▶ Task item: Nothing but the lines from the one containing "La percentuale dei" to the end of the records that follow should be transcribed, each exactly, with the pictures left out.
━━━ Input material ━━━
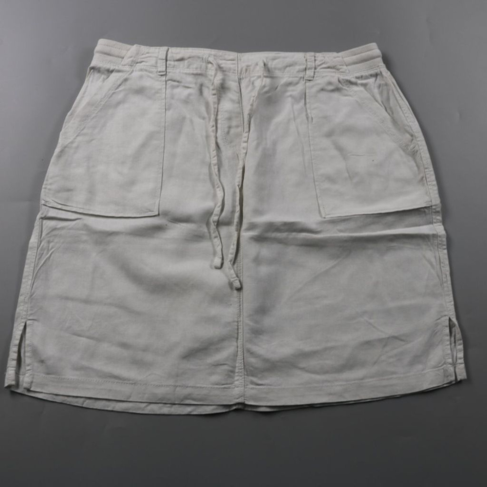 Юбка M&S Collection светло-белого (soft white) цвета, прямого кроя с кулиской на поясе и большими накладными карманами. Подойдёт для летних прогулок и поездок, легко сочетается с футболками и рубашками. Практичный плюс — натуральная льняная ткань прият...
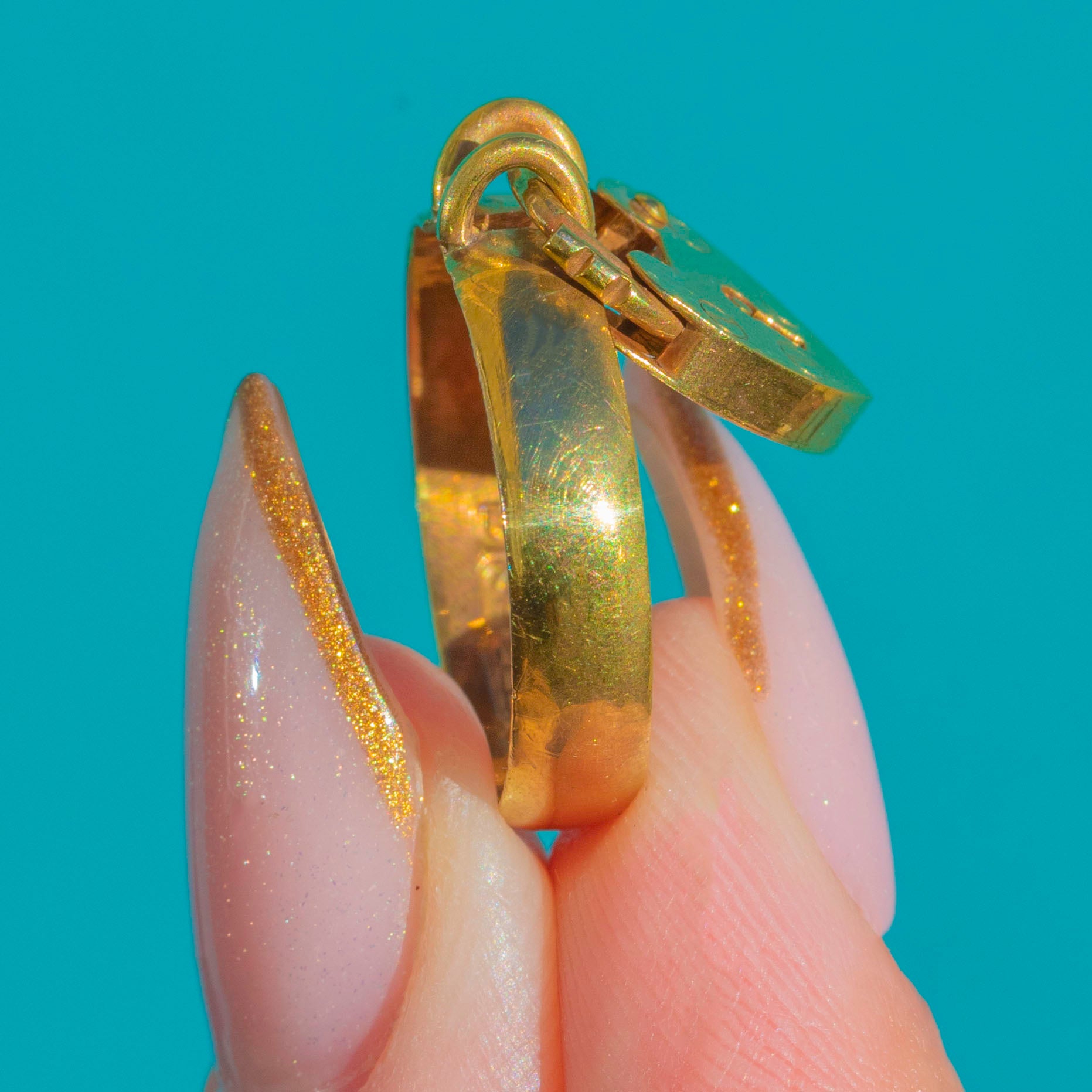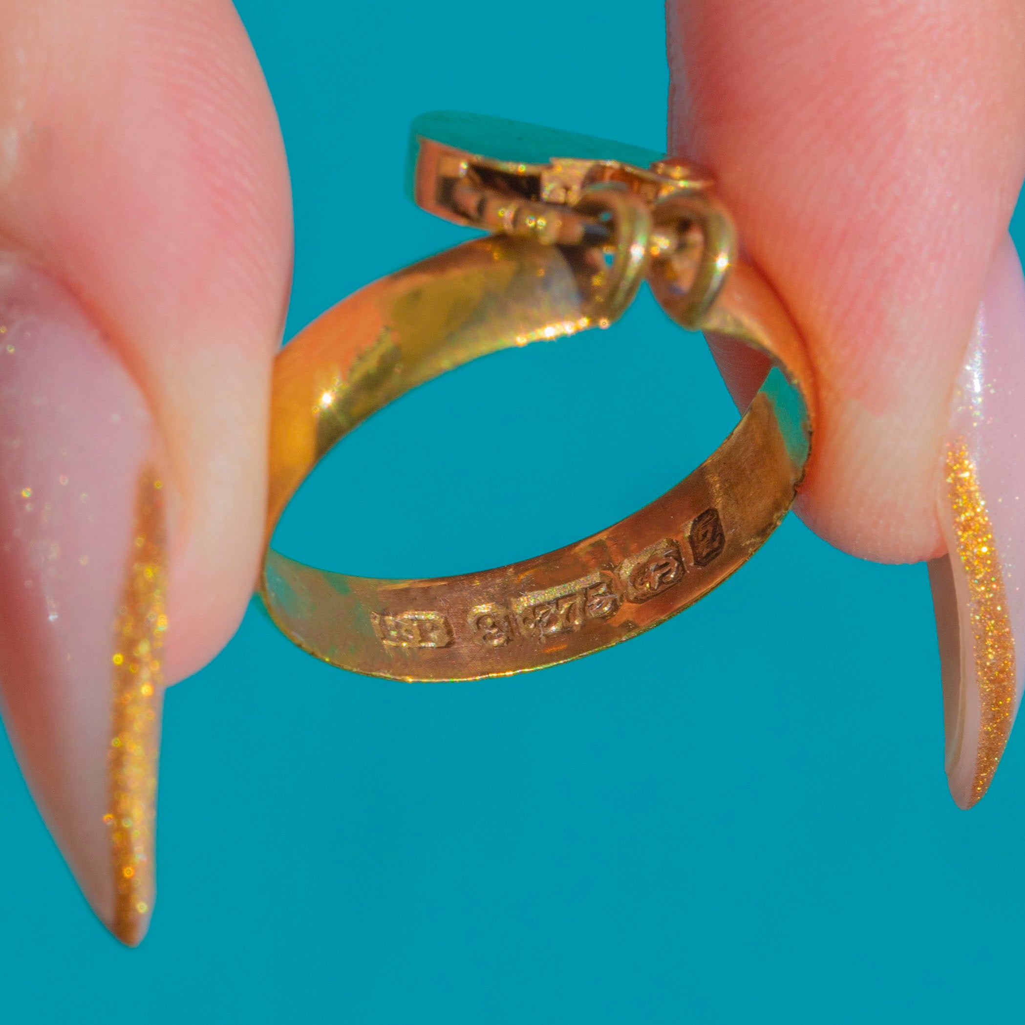 A rare and romantic Victorian padlock ring dated to 1899, crafted in solid 9ct Gold. The tiny functioning padlock motif is full of symbolism, representing love, devotion and “locking in” a bond—classic sentimentality from the late 19th century.
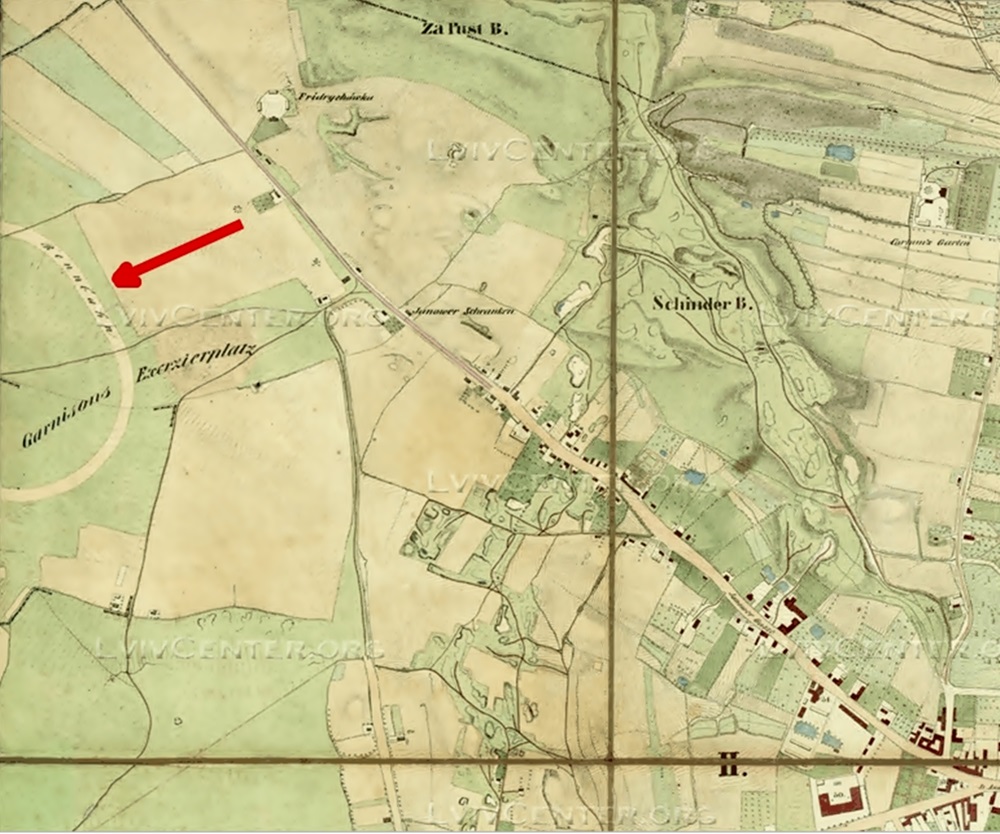 План міста Львова 1844 року. Стрілкою вказано на іподром.
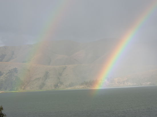 Am spaeten Nachmittag gings dann noch nach Jauja, eine Autostunde noerdlich von Huancayo. Und von dort weiter zur Laguna de Paca. Blauschimmerndes Wasser, Schilf am Ufer und ein schoener Blick auf die Berge im Hintergrund. Hier liess es sich aushalten! Ausserdem gab es ueber der Lagune gegen spaeter den wohl klarsten Regenbogen zu sehen, den ich bisher gesehen habe. Und nachdem es auch noch anfing zu regnen, gesellte sich sogar ein zweiter dazu!
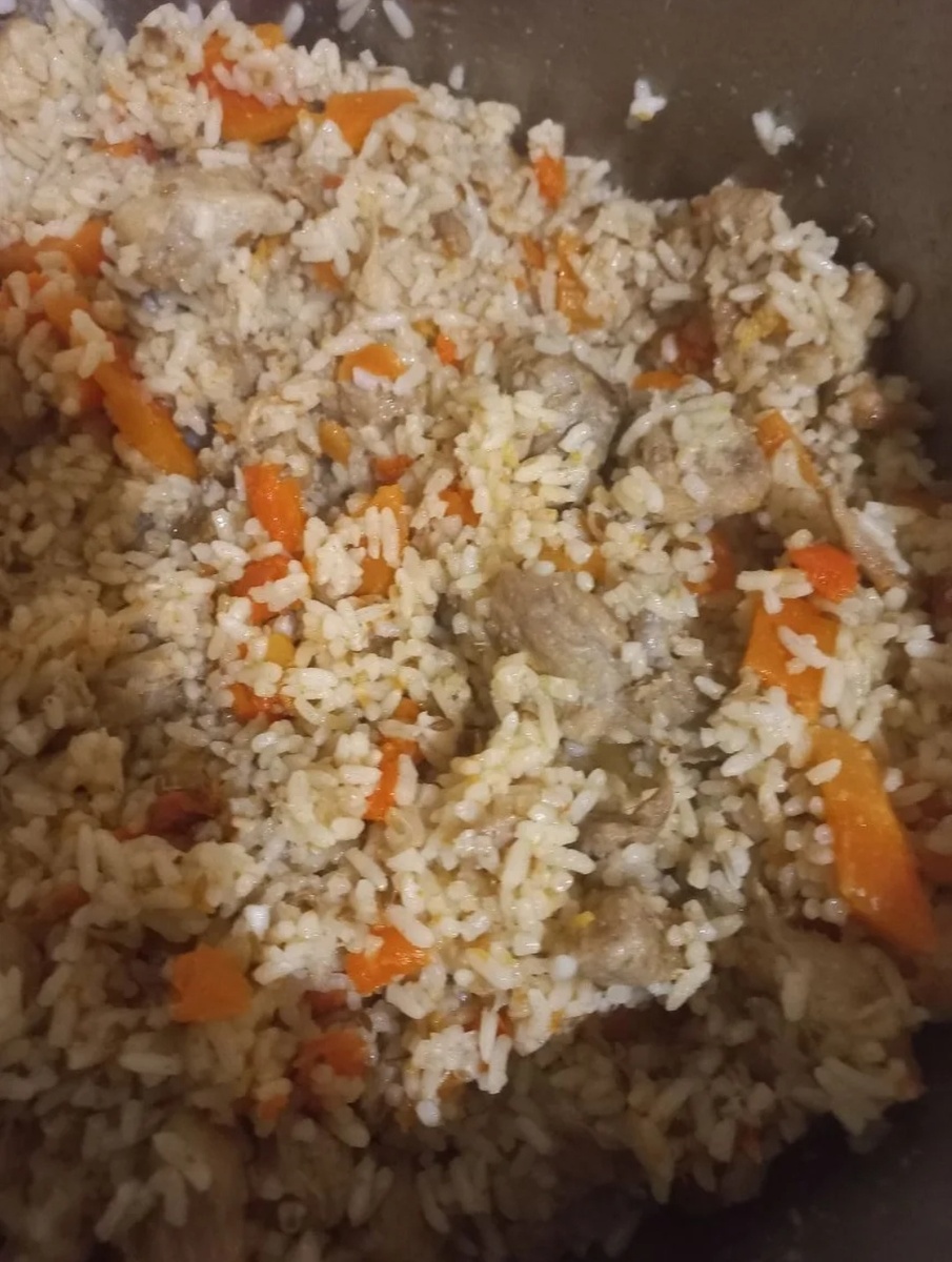 Это одно из самых экономных блюд, плов называется. Тут совсем немного ингредиентов, мясо, рис, лук, морковь, чеснок и зина.
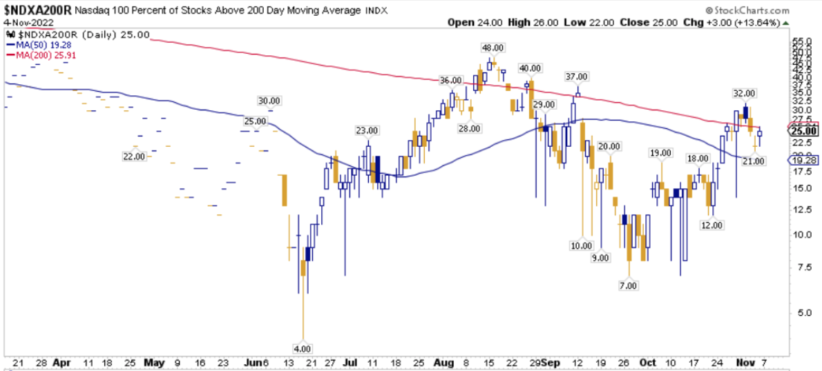 La percentuale dei titoli S&P500 scambiati sopra la loro media mobile a 200 periodi è pari al 37.20%, sul Nasdaq100 il 25.00% dei titoli prezza sopra lo stesso indicatore, mentre sul NYSE la percentuale è pari al 32.54%
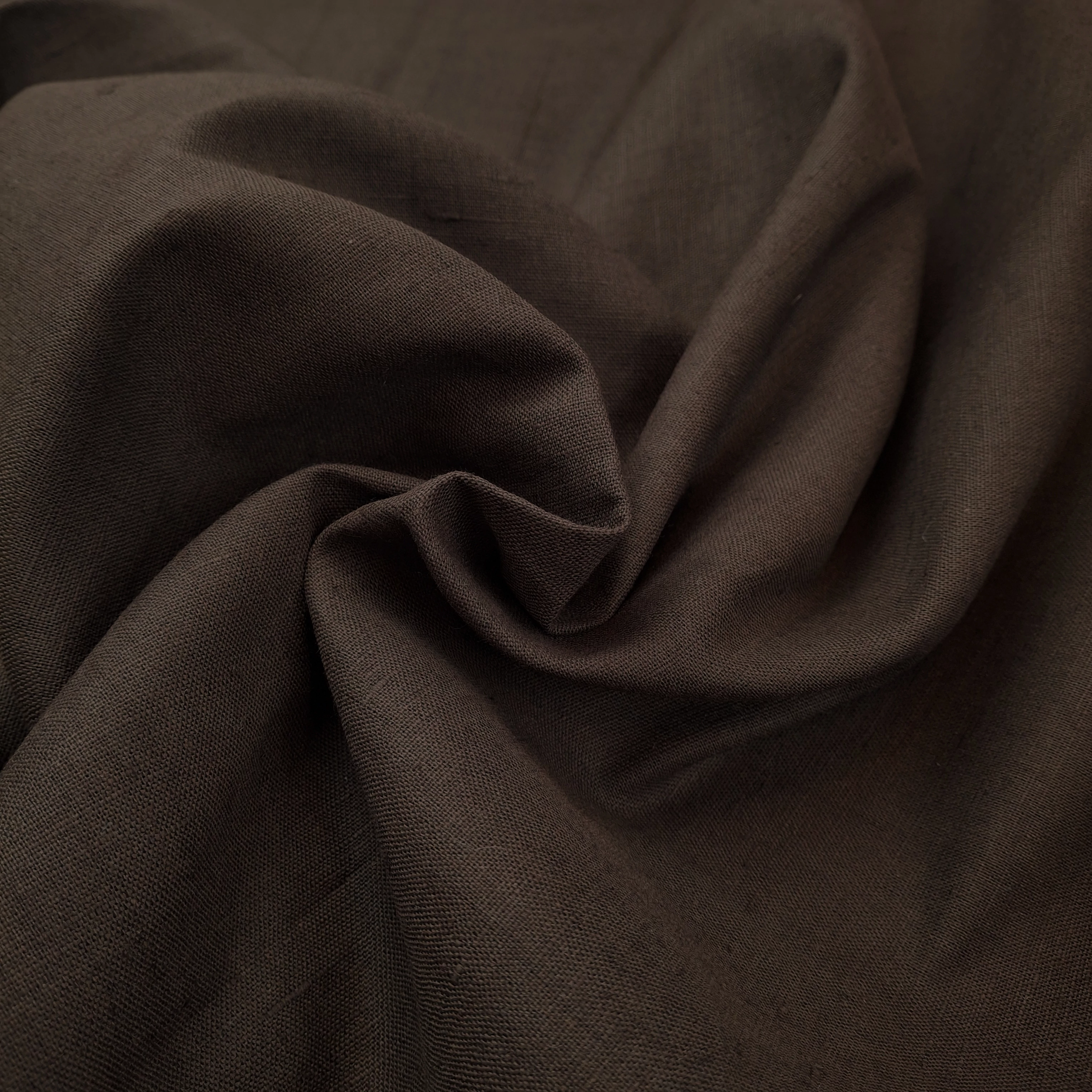 Len méteráru sötétbarna színben. Merevebb érzetű, természetes hatású. Némi tartással rendelkező, közepes vastagságú, 100% len összetételű anyag. Vászonkötésű, jól szellőző, természetes összetételű tavaszi/nyári anyag.
━━━
▶ The completed task:
 La percentuale dei titoli S&P500 scambiati sopra la loro media mobile a 200 periodi è pari al 37.20%, sul Nasdaq100 il 25.00% dei titoli prezza sopra lo stesso indicatore, mentre sul NYSE la percentuale è pari al 32.54%
 Len méteráru sötétbarna színben. Merevebb érzetű, természetes hatású. Némi tartással rendelkező, közepes vastagságú, 100% len összetételű anyag. Vászonkötésű, jól szellőző, természetes összetételű tavaszi/nyári anyag.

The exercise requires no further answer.